I don't know what your school science is like, but there's a lot of high school curriculum that kind of beats the excitement out of it. Like my daughter had biology, my daughter is going to be in 11th grade, and it was really hard to watch her do biology. You know, she had a very nice teacher, but a lot of it's very crude and lots of memorizing. And science is just not that. So, you know, anything that students can do to see the fun. You know, science is really supposed to be fun. It's looking at stuff in the water, it's cutting things up and seeing what's inside, it's adding things and seeing what those things do.
Anya Sun
Yeah. So really just exploring your own interest.
Dr. Jocelyn Malamy
Exploring your own interests and trying to see the reality of those interests. Like what people in those areas are doing. These days you can see websites of every famous scientist that there is. So, you know, if you look around for scientists that are doing research in an area of interest, they'll have a one-page description of their research on their front page. There’s also something called iBio, which are YouTube videos with scientists introducing their own work and the stuff that's in their field. I bio it's called. And when I switched fields, I learned a lot from watching iBio videos. You know, they're the people that you would want to learn from, explaining the basics of their field. So, I mean that's another resource. High school students have access to all these great seminars by scientists.
Anya Sun
OK. And then for our final question, what advice would you give to other people who want to enter your career field?
Dr. Jocelyn Malamy
I would say that you know, in high school, it's out of your control really how much access you have to opportunities, but once you get to college, there's opportunities to do some sort of research with your science professors.
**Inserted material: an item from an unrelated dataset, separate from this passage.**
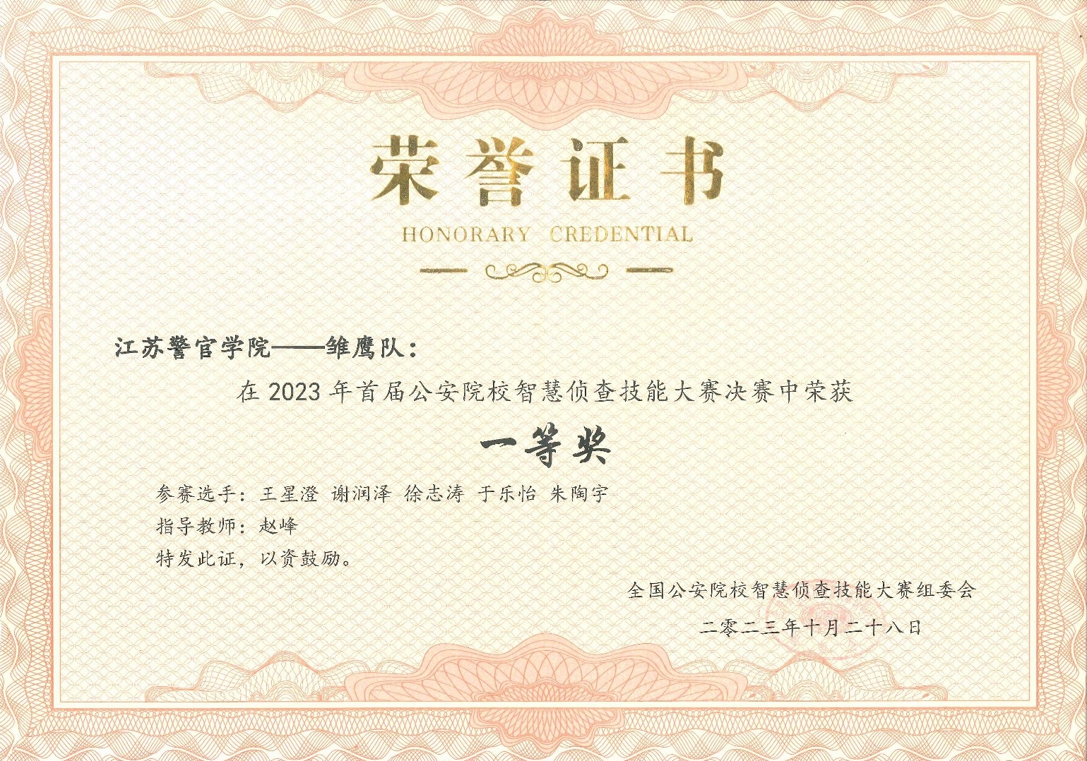本次技能大赛由10个公安院校联合举办,通过以赛促教、以赛促学、以赛促练、以赛适岗,实现公安院校优势互补、互学互鉴、共建共享。侦查系选派的由赵峰、陈伟老师指导的学生团队“雏鹰队”荣获一等奖、最佳表现奖,赵峰老师获优秀指导教师奖。

If there is that opportunity, those are opportunities that you want to try and get. For people who go to schools that don't have any sort of research opportunities, there's summer internships and all sorts of programs that they can join and be paid for. So, there's lots of ways in which people can get a little bit of research experience in college. And that's tremendously important. There's very little you can learn in class that prepares you for what research is really like. So, just kind of getting in the lab even just as a helper, is probably the most important thing. It's also the thing that will allow you to get into Graduate School if that's the direction one is going.
You know, I was just talking to someone who had just graduated from Northwestern and wanted to get research positions, but she hadn't done any research in college. And you know, it can be tough to get that first job when you're out of college, but having any background at all gives you some credentials coming out of college to kind of make that next step.
Try to do some research in college. If you still like it, try and get a research technician position and work in a lab after college. If you still like it, go for Graduate School. If you still like it, keep on going. But I think that I would say on the other hand, research is long, slow, and not particularly lucrative. It's too hard if you don't love it. So, that's what I emphasize for people. It's too hard and too time consuming and it’s a long trajectory before you get a position. It’s not worth it if you don't like it. So, just try it and be honest with yourself. See if it really seems like something that you would want.
Anya Sun
Yeah. So, that's all the questions that we that I have for today and thank you so much for meeting with me.
Dr. Jocelyn Malamy
Sure, sure. I hope it was helpful. It's really nice that you have this organization.